- PROMPT -
Your answer must be a word-for-word copy of the listing, with all pictures excluded.

-*-

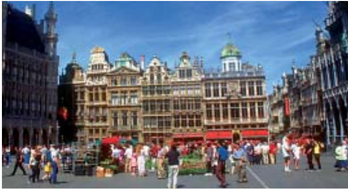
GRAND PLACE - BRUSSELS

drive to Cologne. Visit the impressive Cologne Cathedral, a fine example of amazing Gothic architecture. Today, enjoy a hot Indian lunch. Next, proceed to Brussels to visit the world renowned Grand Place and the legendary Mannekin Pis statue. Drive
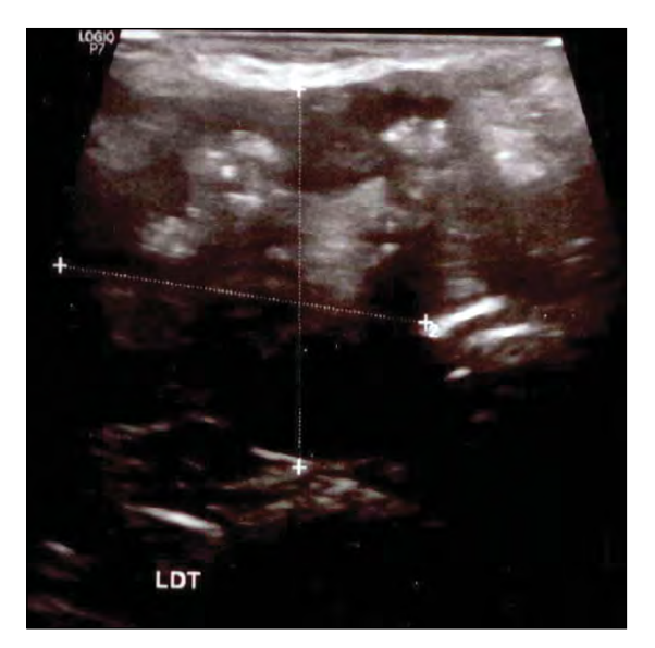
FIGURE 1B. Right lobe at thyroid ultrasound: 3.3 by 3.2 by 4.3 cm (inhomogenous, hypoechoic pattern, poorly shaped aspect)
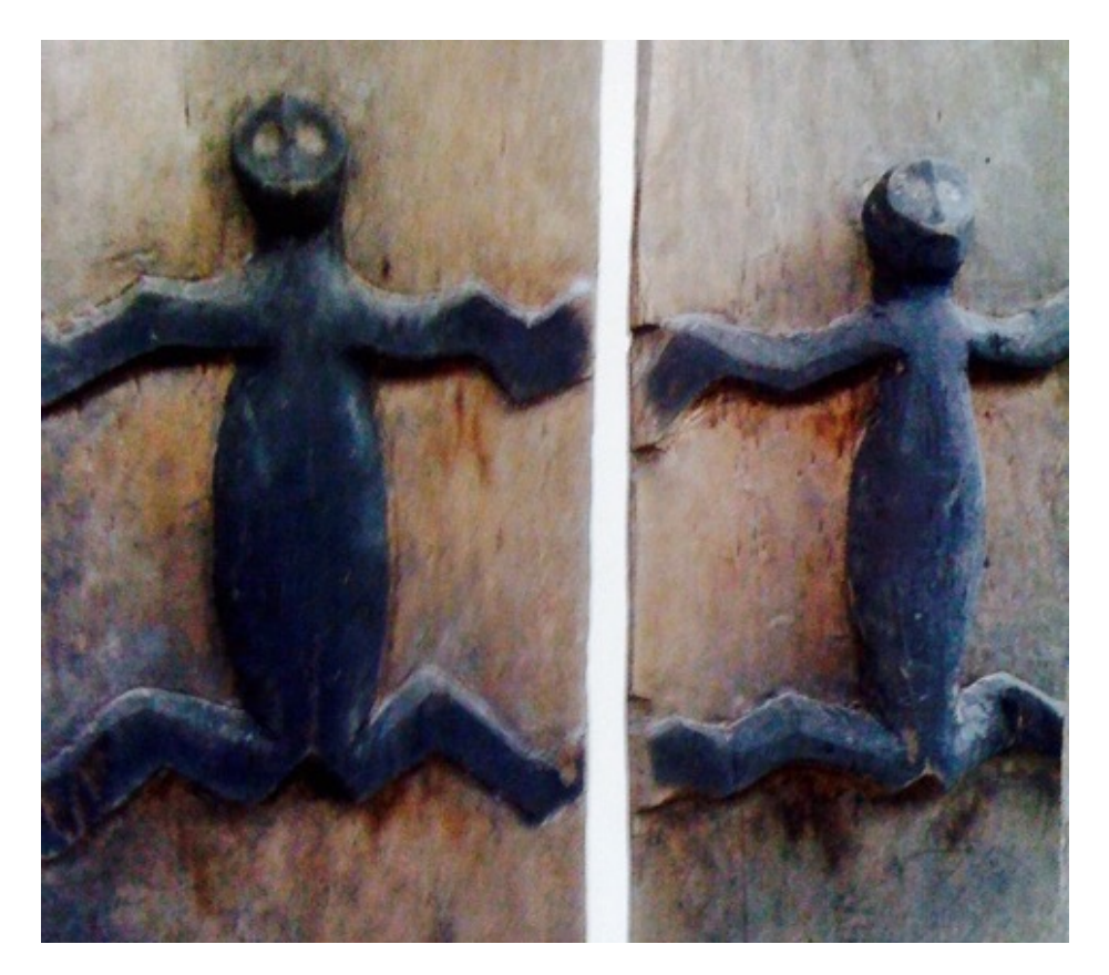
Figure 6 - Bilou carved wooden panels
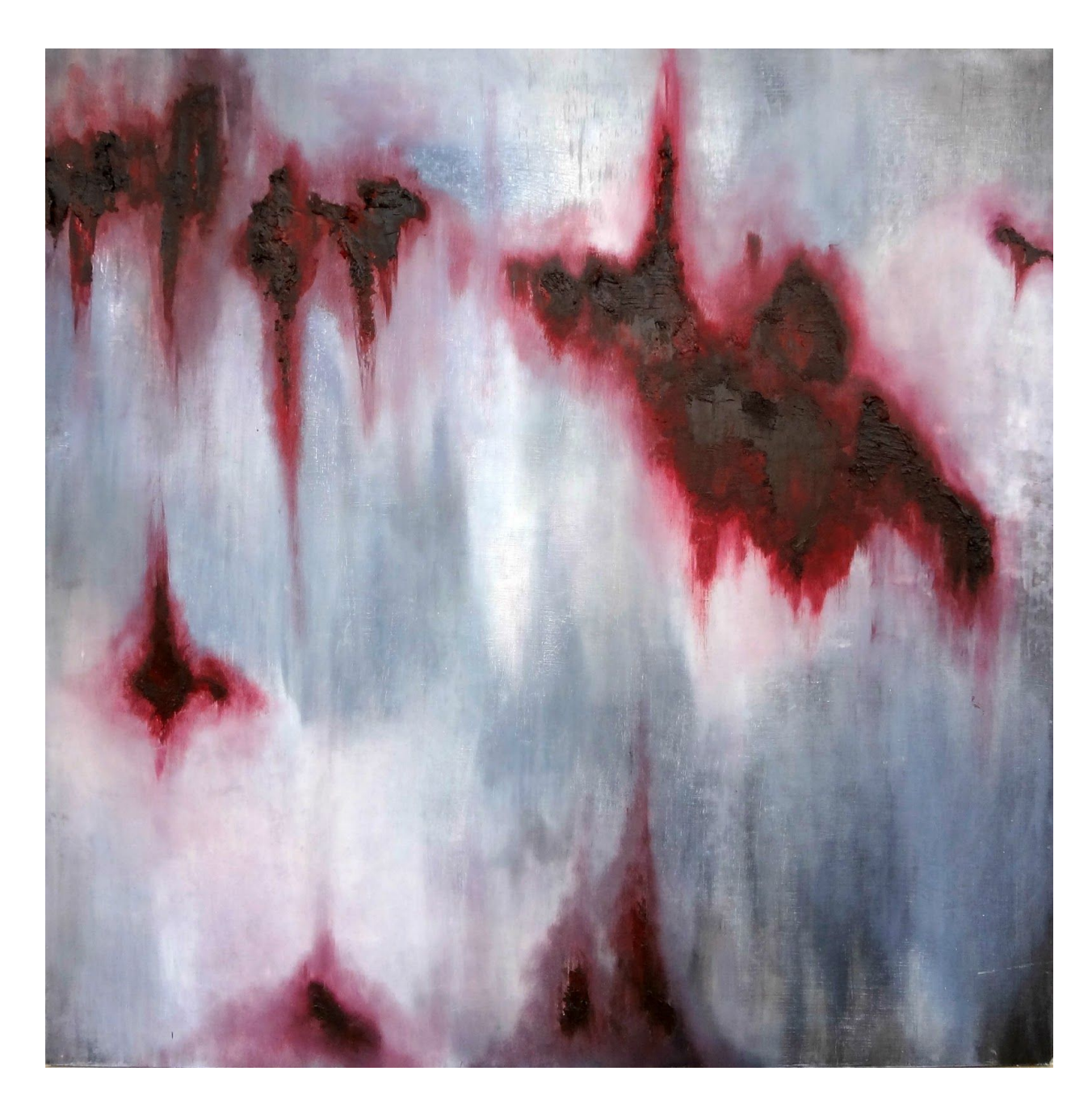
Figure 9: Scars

-*-

- THE COMPLETED TASK -
GRAND PLACE - BRUSSELS

drive to Cologne. Visit the impressive Cologne Cathedral, a fine example of amazing Gothic architecture. Today, enjoy a hot Indian lunch. Next, proceed to Brussels to visit the world renowned Grand Place and the legendary Mannekin Pis statue. Drive
FIGURE 1B. Right lobe at thyroid ultrasound: 3.3 by 3.2 by 4.3 cm (inhomogenous, hypoechoic pattern, poorly shaped aspect)
Figure 6 - Bilou carved wooden panels
Figure 9: Scars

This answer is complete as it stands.